## DIRECTIONS:
Without changing a character, return the entries, but not the images they hold.

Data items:
┄┄┄┄┄┄

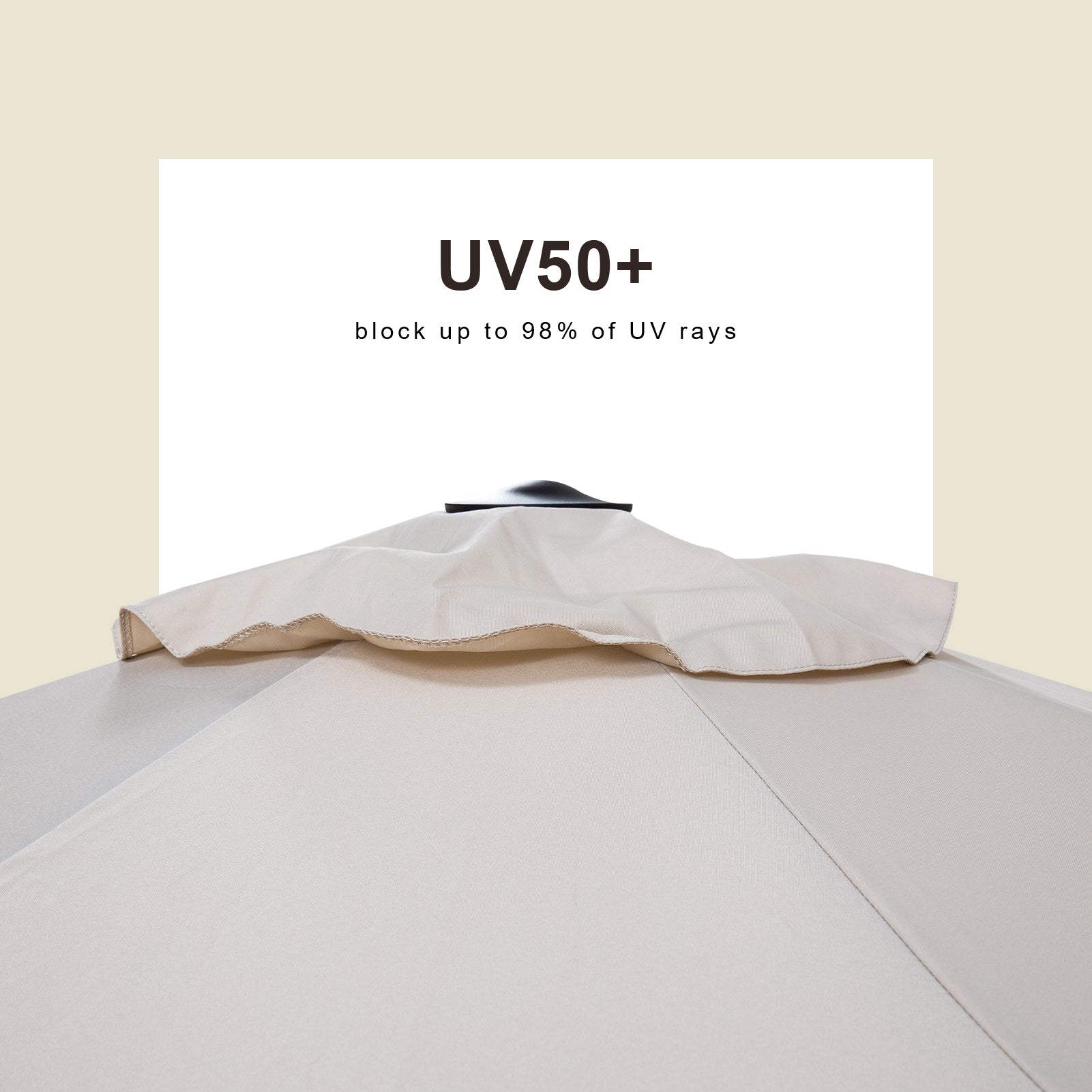 • Wind vent at the top of the umbrella allows hot air to circulate and add stability in case of sudden gusts of wind. All that's left is to enjoy the outdoors.
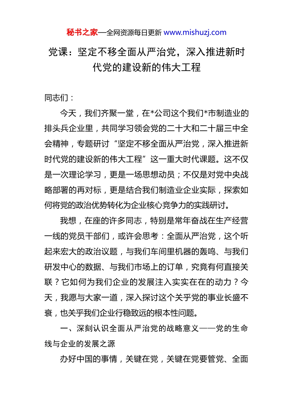 秘书之家—全网资源每日更新 www.mishuzj.com党课:坚定不移全面从严治党,深入推进新时代党的建设新的伟大工程 同志们:今天,我们齐聚一堂,在*公司这个我们*市制造业的排头兵企业里,共同学习领会党的二十大和二十届三中全会精神,专题研讨“坚定不移全面从严治党,深入推进新时代党的建设新的伟大工程”这一重大时代课题。这不仅是一次理论学习,更是一场思想动员;不仅是对党中央战略部署的再对标,更是结合我们制造业企业实际,探索如何将党的政治优势转化为企业核心竞争力的实践研讨。我想,在座的许多同志,特别是常年奋战在生产经营一线的党员干部们,或许会思考:全面从严治党,这个听起来宏大的政治议题,与我们车间里机器的轰鸣、与我们研发中心的数据、与我们市场上的订单,究竟有何直接关联?它如何为我们企业的发展注入实实在在的动力?今天,我愿与大家一道,深入探讨这个关乎党的事业长盛不衰,也关乎我们企业行稳致远的根本性问题。一、深刻认识全面从严治党的战略意义——党的生命线与企业的发展之源办好中国的事情,关键在党,关键在党要管党、全面秘书之家—全网资源每日更新 www.mishuzj.com从严治党。尤其是一些党员干部中发生的贪污腐败、脱离群众、形式主义、官僚主义等问题,必须下大气力解决。全党必须警醒起来。”这番话语,振聋发聩,拉开了新时代全面从严治党的序幕。为什么要“全面从严”?因为这是我们党跳出治乱兴衰历史周期率的第二个答案。毛泽东同志在“窑洞对”中给出了第一个答案,那就是让人民来监督政府。经过百年奋斗特别是新时代十年的伟大变革,我们党又给出了第二个答案,那就是自我革命。全面从严治党,就是推进自我革命的伟大实践。它如同人体的免疫系统,不断清除侵蚀党的健康肌体的病毒,确保我们党始终不变质、不变色、不变味,始终成为中国特色社会主义事业的坚强领导核心。那么,这一党的“生命线工程”,如何成为企业的“发展源动力”?我认为,二者在底层逻辑上是高度统一的。全面从严治党,锻造的是纪律严明、步调一致、能打硬仗的组织。而一个现代化的制造企业,要在激烈的全球市场竞争中脱颖而出,所需要的恰恰也是这样一种组织。第一,全面从严治党锻造的“纪律性”,是保障企业高质量生产的“生命线”。制造业的根基是质量,质量的保障是标准,标准的执行靠纪律。生产线上的任何一个疏忽、任何一次违规操作,都可能导致产品质量的重大瑕秘书之家—全网资源每日更新 www.mishuzj.com疵,甚至引发安全生产事故。全面从严治党,要求党员干部带头讲规矩、守纪律,这种纪律意识会自然而然地渗透到生产管理的每一个环节。当我们强调党纪的刚性约束时,也在无形中强化了工艺纪律、安全纪律、质量纪律。一个在政治上守纪律、讲规矩的团队,在生产经营中也必然是一个令行禁止、精益求精的团队。第二,全面从严治党塑造的“战斗力”,是驱动企业技术创新与市场开拓的“发动机”。当前,新一轮科技革命和产业变革深入发展,制造业的竞争,早已不是单纯的规模和成本之争,而是技术、品牌和产业链的综合角力。攻克“卡脖子”技术、开拓新兴市场,哪一项不是难啃的硬骨头?这就需要一支有信仰、有担当、敢于冲锋陷阵的队伍。全面从严治党,通过强化理想信念教育,通过激励干部担当作为,正是要打造这样一支“平常时候看得出来、关键时刻站得出来、危难关头豁得出来”的先锋队。这支队伍,在企业里就是我们的党员技术骨干、党员销售尖兵、党员管理中坚。第三,全面从严治党营造的“清廉风”,是筑牢企业健康持续发展根基的“压舱石”。一个企业如果内部管理混乱,采购、销售、财务等关键岗位存在“寻租”空间,那么它的成本就会无形中增加,创新动力就会被侵蚀,市秘书之家—全网资源每日更新 www.mishuzj.com场信誉就会受损。这就像一艘船,无论外表多么光鲜,只要船体内部有了蛀虫,就终有倾覆的危险。全面从严治党,坚持有腐必反、有贪必肃,在党内形成强大震慑,将这种清廉文化延伸到企业治理中,就是要构建一套严密的内部监督和风险防控体系。通过健全制度、堵塞漏洞、强化审计,我们可以最大程度地杜绝“跑冒滴漏”,确保企...
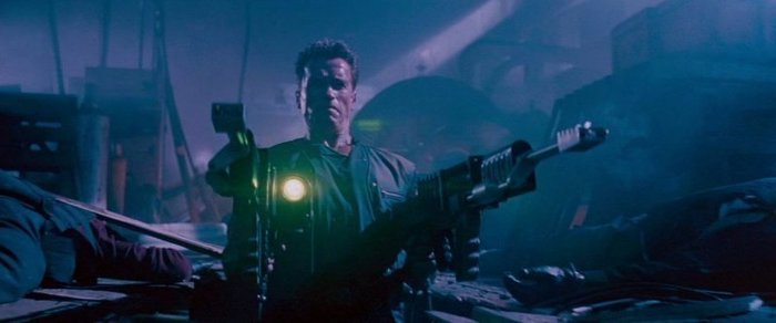 Многие наверно обратили внимание на плазменные винтовки, которыми были вооружены Терминаторы во вступительной сцене фильма. В реальности это модифицированный пистолет-пулемет Калико.
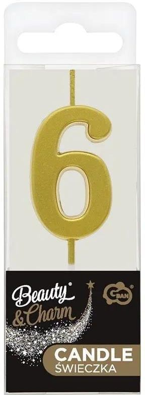 Świeczka Piker B&C Cyfra 6 Metaliczna Złota 9,5Cm Wieliczka
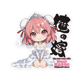 ステッカー - 160 x 160 (mm)(キャラのみ)💍🐉 【祝・入籍】説教よりも、甘い誓いを。茨木華扇と歩む、一生モノの**「結婚生活」**。 「……こ、これで見納めですよ? 今日からはあなたの妻として、もっと厳しく、そして……もっと近くであなたを支えます。ずっと、一緒にいてくれますね?」 東方Projectの導き手、茨木華扇が、可憐なウェディングドレスを纏ったチビキャラ姿のステッカーになりました! 今回、私たちが最も強調したいのは、彼女との真剣な**「結婚」**です。 普段は凛としていて少し近寄りがたい「山の仙人」が、あなたという唯一無二のパートナーを選び、永遠の愛を誓いました。 背景に堂々と記された「俺の嫁」の文字は、彼女を独占し、共に歩む決意をしたあなたへの「愛の証明書」に他なりません。 この商品はpixivFACTORYで作られた商品です。サンプル画像は完成イメージのため、実物と異なる場合があります。
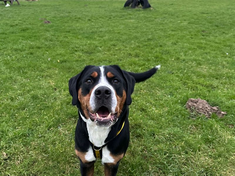 Are you right for Roxanne?Roxy is a 3 year old Great Swiss Mountain Dog looking for a special home to call her own. Roxy is a big, lovable girl, once you know her, she takes a little time to suss people out and can be nervous, expecially of new men initially. Roxy's new home would ideally have experience with large breed dogs and have the time and paitence to continu some of her training needs. Roxy is looking for a home where everyone is over 16 and where she can get enough mental and physical stimulation. Roxy is undersoalised with dogs and so would be better living with no other dogs in her new home, she could possibly live with another large breed dog who could show her the ropes but cannot live with smaller dogs or cats.
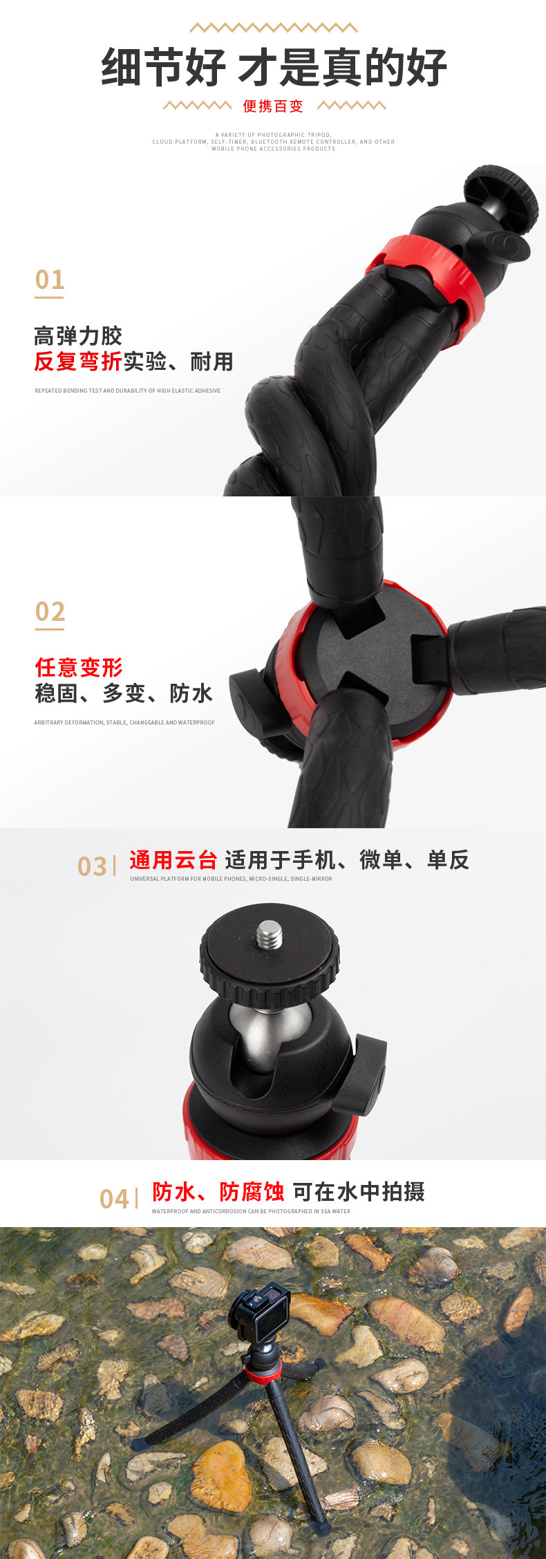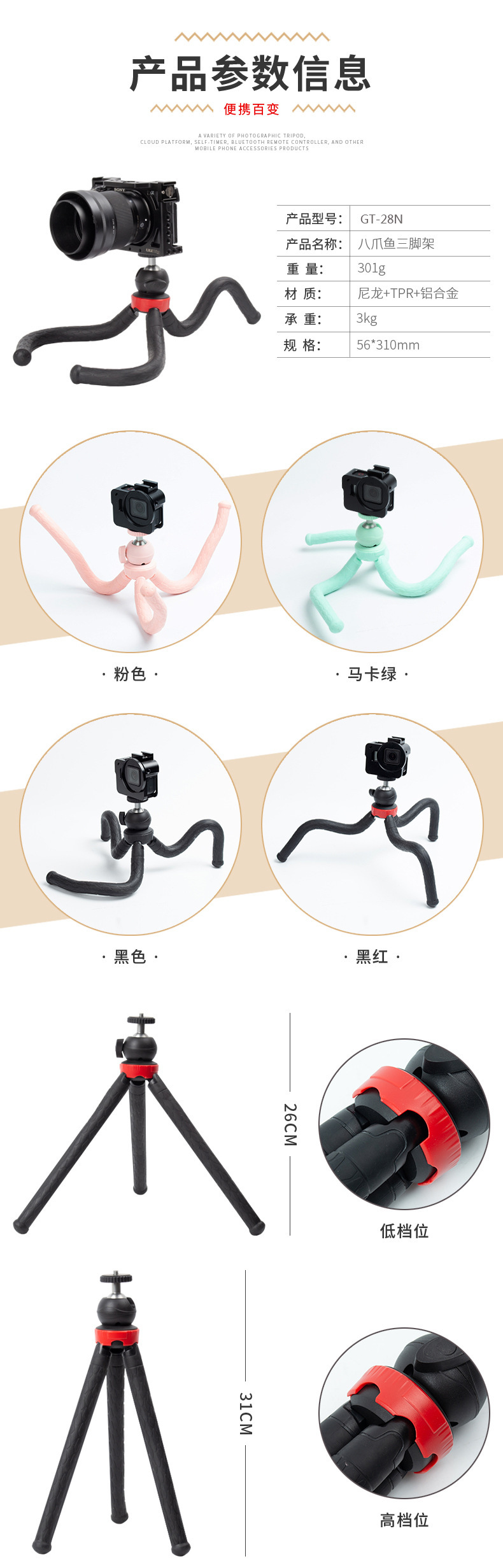 GT-28N 제조 업체 도매 Octopus 삼각대 비디오 데스크탑 휴대 전화 카메라 스탠드 야외 셀카 삼각대스토어 가기

┄┄┄┄┄┄

## ANSWER SPACE:
 • Wind vent at the top of the umbrella allows hot air to circulate and add stability in case of sudden gusts of wind. All that's left is to enjoy the outdoors.
 秘书之家—全网资源每日更新 www.mishuzj.com党课:坚定不移全面从严治党,深入推进新时代党的建设新的伟大工程 同志们:今天,我们齐聚一堂,在*公司这个我们*市制造业的排头兵企业里,共同学习领会党的二十大和二十届三中全会精神,专题研讨“坚定不移全面从严治党,深入推进新时代党的建设新的伟大工程”这一重大时代课题。这不仅是一次理论学习,更是一场思想动员;不仅是对党中央战略部署的再对标,更是结合我们制造业企业实际,探索如何将党的政治优势转化为企业核心竞争力的实践研讨。我想,在座的许多同志,特别是常年奋战在生产经营一线的党员干部们,或许会思考:全面从严治党,这个听起来宏大的政治议题,与我们车间里机器的轰鸣、与我们研发中心的数据、与我们市场上的订单,究竟有何直接关联?它如何为我们企业的发展注入实实在在的动力?今天,我愿与大家一道,深入探讨这个关乎党的事业长盛不衰,也关乎我们企业行稳致远的根本性问题。一、深刻认识全面从严治党的战略意义——党的生命线与企业的发展之源办好中国的事情,关键在党,关键在党要管党、全面秘书之家—全网资源每日更新 www.mishuzj.com从严治党。尤其是一些党员干部中发生的贪污腐败、脱离群众、形式主义、官僚主义等问题,必须下大气力解决。全党必须警醒起来。”这番话语,振聋发聩,拉开了新时代全面从严治党的序幕。为什么要“全面从严”?因为这是我们党跳出治乱兴衰历史周期率的第二个答案。毛泽东同志在“窑洞对”中给出了第一个答案,那就是让人民来监督政府。经过百年奋斗特别是新时代十年的伟大变革,我们党又给出了第二个答案,那就是自我革命。全面从严治党,就是推进自我革命的伟大实践。它如同人体的免疫系统,不断清除侵蚀党的健康肌体的病毒,确保我们党始终不变质、不变色、不变味,始终成为中国特色社会主义事业的坚强领导核心。那么,这一党的“生命线工程”,如何成为企业的“发展源动力”?我认为,二者在底层逻辑上是高度统一的。全面从严治党,锻造的是纪律严明、步调一致、能打硬仗的组织。而一个现代化的制造企业,要在激烈的全球市场竞争中脱颖而出,所需要的恰恰也是这样一种组织。第一,全面从严治党锻造的“纪律性”,是保障企业高质量生产的“生命线”。制造业的根基是质量,质量的保障是标准,标准的执行靠纪律。生产线上的任何一个疏忽、任何一次违规操作,都可能导致产品质量的重大瑕秘书之家—全网资源每日更新 www.mishuzj.com疵,甚至引发安全生产事故。全面从严治党,要求党员干部带头讲规矩、守纪律,这种纪律意识会自然而然地渗透到生产管理的每一个环节。当我们强调党纪的刚性约束时,也在无形中强化了工艺纪律、安全纪律、质量纪律。一个在政治上守纪律、讲规矩的团队,在生产经营中也必然是一个令行禁止、精益求精的团队。第二,全面从严治党塑造的“战斗力”,是驱动企业技术创新与市场开拓的“发动机”。当前,新一轮科技革命和产业变革深入发展,制造业的竞争,早已不是单纯的规模和成本之争,而是技术、品牌和产业链的综合角力。攻克“卡脖子”技术、开拓新兴市场,哪一项不是难啃的硬骨头?这就需要一支有信仰、有担当、敢于冲锋陷阵的队伍。全面从严治党,通过强化理想信念教育,通过激励干部担当作为,正是要打造这样一支“平常时候看得出来、关键时刻站得出来、危难关头豁得出来”的先锋队。这支队伍,在企业里就是我们的党员技术骨干、党员销售尖兵、党员管理中坚。第三,全面从严治党营造的“清廉风”,是筑牢企业健康持续发展根基的“压舱石”。一个企业如果内部管理混乱,采购、销售、财务等关键岗位存在“寻租”空间,那么它的成本就会无形中增加,创新动力就会被侵蚀,市秘书之家—全网资源每日更新 www.mishuzj.com场信誉就会受损。这就像一艘船,无论外表多么光鲜,只要船体内部有了蛀虫,就终有倾覆的危险。全面从严治党,坚持有腐必反、有贪必肃,在党内形成强大震慑,将这种清廉文化延伸到企业治理中,就是要构建一套严密的内部监督和风险防控体系。通过健全制度、堵塞漏洞、强化审计,我们可以最大程度地杜绝“跑冒滴漏”,确保企...
 Многие наверно обратили внимание на плазменные винтовки, которыми были вооружены Терминаторы во вступительной сцене фильма. В реальности это модифицированный пистолет-пулемет Калико.
 Świeczka Piker B&C Cyfra 6 Metaliczna Złota 9,5Cm Wieliczka
 ステッカー - 160 x 160 (mm)(キャラのみ)💍🐉 【祝・入籍】説教よりも、甘い誓いを。茨木華扇と歩む、一生モノの**「結婚生活」**。 「……こ、これで見納めですよ? 今日からはあなたの妻として、もっと厳しく、そして……もっと近くであなたを支えます。ずっと、一緒にいてくれますね?」 東方Projectの導き手、茨木華扇が、可憐なウェディングドレスを纏ったチビキャラ姿のステッカーになりました! 今回、私たちが最も強調したいのは、彼女との真剣な**「結婚」**です。 普段は凛としていて少し近寄りがたい「山の仙人」が、あなたという唯一無二のパートナーを選び、永遠の愛を誓いました。 背景に堂々と記された「俺の嫁」の文字は、彼女を独占し、共に歩む決意をしたあなたへの「愛の証明書」に他なりません。 この商品はpixivFACTORYで作られた商品です。サンプル画像は完成イメージのため、実物と異なる場合があります。
 Are you right for Roxanne?Roxy is a 3 year old Great Swiss Mountain Dog looking for a special home to call her own. Roxy is a big, lovable girl, once you know her, she takes a little time to suss people out and can be nervous, expecially of new men initially. Roxy's new home would ideally have experience with large breed dogs and have the time and paitence to continu some of her training needs. Roxy is looking for a home where everyone is over 16 and where she can get enough mental and physical stimulation. Roxy is undersoalised with dogs and so would be better living with no other dogs in her new home, she could possibly live with another large breed dog who could show her the ropes but cannot live with smaller dogs or cats.
 GT-28N 제조 업체 도매 Octopus 삼각대 비디오 데스크탑 휴대 전화 카메라 스탠드 야외 셀카 삼각대스토어 가기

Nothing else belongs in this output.